**** Extracted information ****
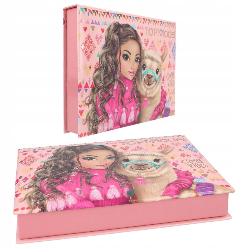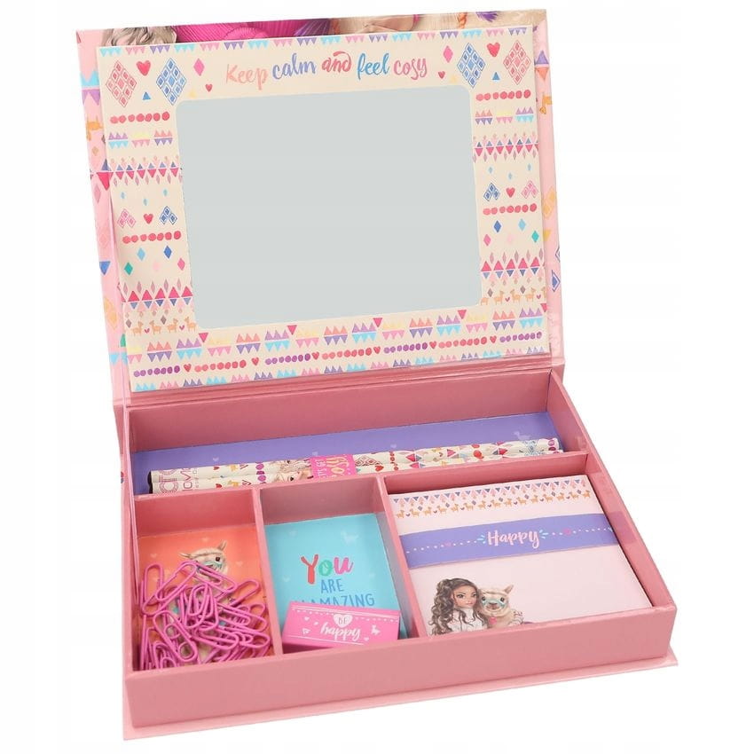 Wszystko na biurko: Pudełko na artykuły papiernicze TOPModel zawiera 3 kolorowe ołówki z uroczymi wzorami, 1 gumkę z nadrukiem oraz 25 różowych spinaczy i 100 różowych notatek. Samo pudełko posiada świetny modelowy motyw lamy na zewnętrznej stronie uchylnego wieczka na tle kolorowych wzorów. Wewnątrz uchylnej pokrywy znajduje się lusterko.
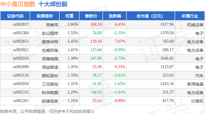 中小高贝(399664)指数十大成份股详情如下:
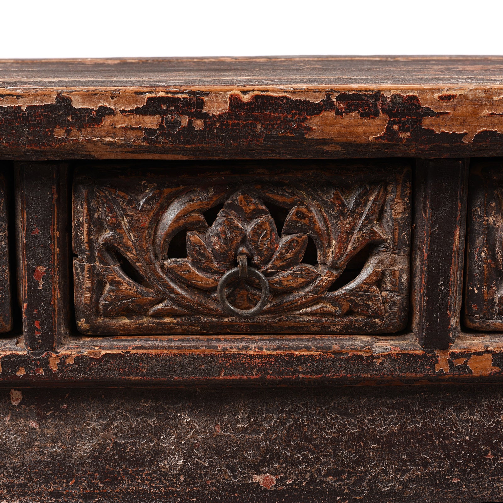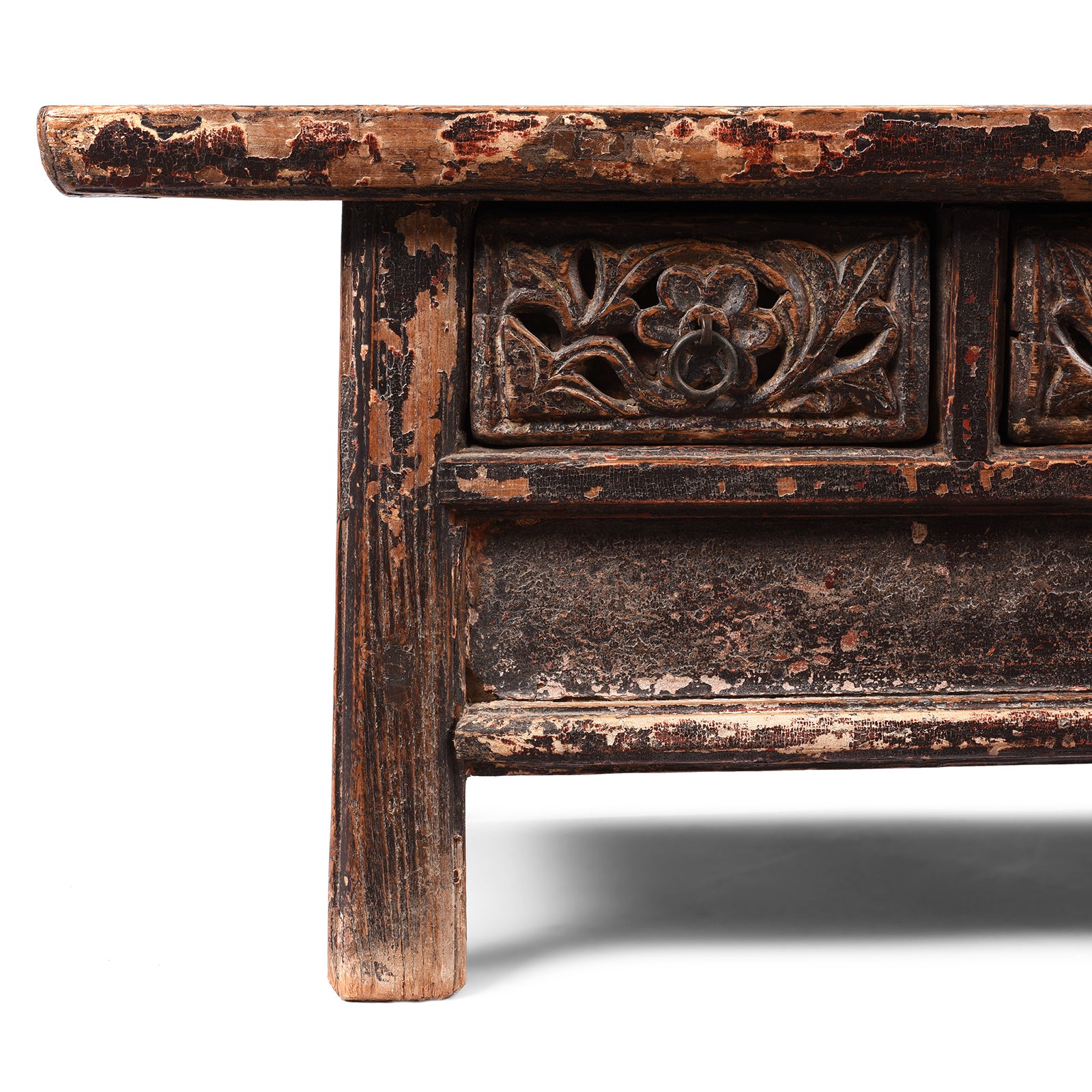Carving Detail From Antique Elm Kang Table From Shanxi  - 19th Century | Indigo Antiques
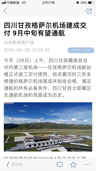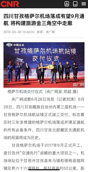 四川觀察:http://kscgc.sctv.com/sctv/lookback/1/2019/08/28/20190828_shared.html?programmeUrl=http://fscgc.sctv.com/NewsTV/2019/08/28/scxw20190828002.mp4&programmeTitle=%E7%94%98%E5%AD%9C%E6%A0%BC%E8%90%A8%E5%B0%94%E6%9C%BA%E5%9C%BA%E8%90%BD%E6%88%90%E4%BA%A4%E4%BB%98%20%E6%9C%89%E6%9C%9B9%E6%9C%88%E9%80%9A%E8%88%AA&programmeImage=http://kscgc.sctv.com/sctv/1/image/public/201908/20190828184902_tjee6skhpc.jpg
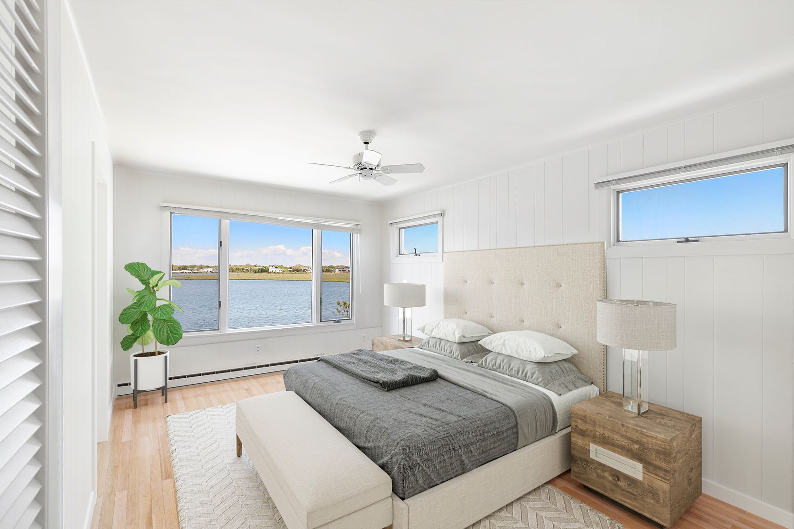Bayfront and between the bridges, this bright and airy contemporary beauty boasts stunning views and spectacular sunsets. Just west of Rogers Beach, and overlooking Moneybogue Bay, the four-bedroom, three-bath home features an open design, loads of windows and two fireplaces. Making the most of its space and location, it’s perfect for boating enthusiasts and water lovers, with standout features including a deepwater dock, massive deck and even
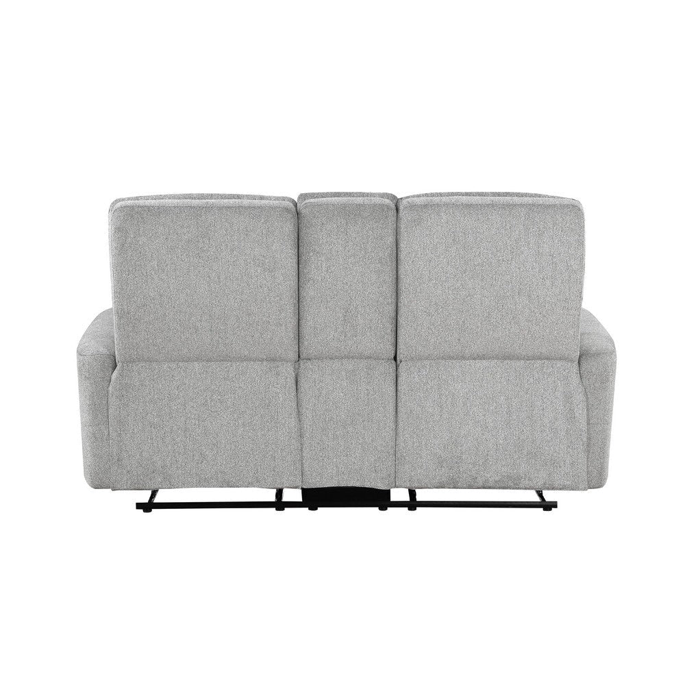 Ease into comfort with the Lyns reclining loveseat, wrapped in soft gray chenille fabric. Designed with clean lines, it features a tab pull reclining mechanism for ultimate relaxed seating and a center console with cup holders for everyday lounging. Plush cushioning and a removable seat back add both convenience and support. Explore more in our Lyns collection by Casagear Home.
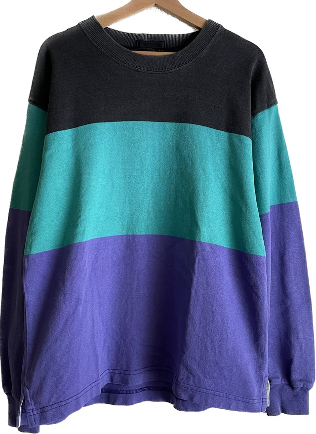 Lands’end Mulch Border Sweat Shirt USA Made!! 90s 【サイズ】M ・着丈:71cm ・肩幅:55cm ・袖丈:63.5cm ・身幅:55cm ※平置きでの採寸となります。 【状態】袖先にほつれ(写真9枚目)や多少の使用感はございますが、使用に支障を及ぼす傷や汚れ等見受けられず、古着慣れされている方であれば問題無くご着用いただけると思います。 【商品詳細】ランズエンドのマルチボーダースウェットシャツ。サイズはM。カラーはパープル×ターコイズ×ブラックのマルチボーダー仕様。90年代頃USA製。太いピッチのボーダーで存在感あります。悪めなカラーリングが目を惹きます。Mサイズですが大きめ。 【備考】 ・実寸について、測り方によって誤差が出る可能性がございます。 ・可能な限り実物に近いような撮影を心がけておりますが、ご確認いただく際の機器や環境によって色合いが変わって見える場合がございます。 予めご理解の程お願い致します。 ・USED.VINTAGEアイテムの為、文章に記載のないダメージや汚れ等ある場合がございます。 ・商品についてご質問ございましたらご連絡下さい。
****
### Exercise objective
An exact copy of the lines from the one with "Bayfront and between" through the last line of the records, inclusive, is required, with all pictures left out.

### Response area
Bayfront and between the bridges, this bright and airy contemporary beauty boasts stunning views and spectacular sunsets. Just west of Rogers Beach, and overlooking Moneybogue Bay, the four-bedroom, three-bath home features an open design, loads of windows and two fireplaces. Making the most of its space and location, it’s perfect for boating enthusiasts and water lovers, with standout features including a deepwater dock, massive deck and even
 Ease into comfort with the Lyns reclining loveseat, wrapped in soft gray chenille fabric. Designed with clean lines, it features a tab pull reclining mechanism for ultimate relaxed seating and a center console with cup holders for everyday lounging. Plush cushioning and a removable seat back add both convenience and support. Explore more in our Lyns collection by Casagear Home.
 Lands’end Mulch Border Sweat Shirt USA Made!! 90s 【サイズ】M ・着丈:71cm ・肩幅:55cm ・袖丈:63.5cm ・身幅:55cm ※平置きでの採寸となります。 【状態】袖先にほつれ(写真9枚目)や多少の使用感はございますが、使用に支障を及ぼす傷や汚れ等見受けられず、古着慣れされている方であれば問題無くご着用いただけると思います。 【商品詳細】ランズエンドのマルチボーダースウェットシャツ。サイズはM。カラーはパープル×ターコイズ×ブラックのマルチボーダー仕様。90年代頃USA製。太いピッチのボーダーで存在感あります。悪めなカラーリングが目を惹きます。Mサイズですが大きめ。 【備考】 ・実寸について、測り方によって誤差が出る可能性がございます。 ・可能な限り実物に近いような撮影を心がけておりますが、ご確認いただく際の機器や環境によって色合いが変わって見える場合がございます。 予めご理解の程お願い致します。 ・USED.VINTAGEアイテムの為、文章に記載のないダメージや汚れ等ある場合がございます。 ・商品についてご質問ございましたらご連絡下さい。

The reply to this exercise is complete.